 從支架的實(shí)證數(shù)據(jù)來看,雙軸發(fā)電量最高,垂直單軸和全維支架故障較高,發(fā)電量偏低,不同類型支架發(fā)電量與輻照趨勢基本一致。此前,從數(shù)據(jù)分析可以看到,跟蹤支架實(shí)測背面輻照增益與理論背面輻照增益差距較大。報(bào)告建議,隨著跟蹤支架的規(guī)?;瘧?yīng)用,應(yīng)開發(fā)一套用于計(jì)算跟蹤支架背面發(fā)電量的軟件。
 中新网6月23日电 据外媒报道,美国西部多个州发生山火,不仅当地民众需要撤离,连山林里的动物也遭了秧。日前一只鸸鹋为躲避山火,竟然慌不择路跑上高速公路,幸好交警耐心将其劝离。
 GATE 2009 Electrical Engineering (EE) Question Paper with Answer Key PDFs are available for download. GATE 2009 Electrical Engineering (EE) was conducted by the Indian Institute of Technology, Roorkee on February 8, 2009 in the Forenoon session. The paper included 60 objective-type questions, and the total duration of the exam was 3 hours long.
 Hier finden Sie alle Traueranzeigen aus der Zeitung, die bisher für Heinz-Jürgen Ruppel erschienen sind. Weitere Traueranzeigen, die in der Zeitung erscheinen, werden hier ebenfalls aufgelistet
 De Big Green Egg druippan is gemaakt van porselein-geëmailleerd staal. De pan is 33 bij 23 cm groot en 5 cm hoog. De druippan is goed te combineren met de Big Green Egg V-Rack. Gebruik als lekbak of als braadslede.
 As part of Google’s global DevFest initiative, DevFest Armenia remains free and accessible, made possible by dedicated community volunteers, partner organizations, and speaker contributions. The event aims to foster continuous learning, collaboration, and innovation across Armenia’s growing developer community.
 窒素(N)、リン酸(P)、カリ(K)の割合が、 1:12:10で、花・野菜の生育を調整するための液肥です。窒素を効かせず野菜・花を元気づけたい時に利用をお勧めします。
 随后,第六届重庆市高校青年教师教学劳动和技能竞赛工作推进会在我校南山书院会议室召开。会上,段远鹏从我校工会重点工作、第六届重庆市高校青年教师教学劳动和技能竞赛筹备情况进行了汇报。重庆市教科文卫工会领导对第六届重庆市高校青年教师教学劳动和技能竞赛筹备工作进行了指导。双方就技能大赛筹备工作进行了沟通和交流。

+ + +

- _Work instructions_
Print the listing exactly. Every line must match.

- _Result for this task_
 從支架的實(shí)證數(shù)據(jù)來看,雙軸發(fā)電量最高,垂直單軸和全維支架故障較高,發(fā)電量偏低,不同類型支架發(fā)電量與輻照趨勢基本一致。此前,從數(shù)據(jù)分析可以看到,跟蹤支架實(shí)測背面輻照增益與理論背面輻照增益差距較大。報(bào)告建議,隨著跟蹤支架的規(guī)?;瘧?yīng)用,應(yīng)開發(fā)一套用于計(jì)算跟蹤支架背面發(fā)電量的軟件。
 中新网6月23日电 据外媒报道,美国西部多个州发生山火,不仅当地民众需要撤离,连山林里的动物也遭了秧。日前一只鸸鹋为躲避山火,竟然慌不择路跑上高速公路,幸好交警耐心将其劝离。
 GATE 2009 Electrical Engineering (EE) Question Paper with Answer Key PDFs are available for download. GATE 2009 Electrical Engineering (EE) was conducted by the Indian Institute of Technology, Roorkee on February 8, 2009 in the Forenoon session. The paper included 60 objective-type questions, and the total duration of the exam was 3 hours long.
 Hier finden Sie alle Traueranzeigen aus der Zeitung, die bisher für Heinz-Jürgen Ruppel erschienen sind. Weitere Traueranzeigen, die in der Zeitung erscheinen, werden hier ebenfalls aufgelistet
 De Big Green Egg druippan is gemaakt van porselein-geëmailleerd staal. De pan is 33 bij 23 cm groot en 5 cm hoog. De druippan is goed te combineren met de Big Green Egg V-Rack. Gebruik als lekbak of als braadslede.
 As part of Google’s global DevFest initiative, DevFest Armenia remains free and accessible, made possible by dedicated community volunteers, partner organizations, and speaker contributions. The event aims to foster continuous learning, collaboration, and innovation across Armenia’s growing developer community.
 窒素(N)、リン酸(P)、カリ(K)の割合が、 1:12:10で、花・野菜の生育を調整するための液肥です。窒素を効かせず野菜・花を元気づけたい時に利用をお勧めします。
 随后,第六届重庆市高校青年教师教学劳动和技能竞赛工作推进会在我校南山书院会议室召开。会上,段远鹏从我校工会重点工作、第六届重庆市高校青年教师教学劳动和技能竞赛筹备情况进行了汇报。重庆市教科文卫工会领导对第六届重庆市高校青年教师教学劳动和技能竞赛筹备工作进行了指导。双方就技能大赛筹备工作进行了沟通和交流。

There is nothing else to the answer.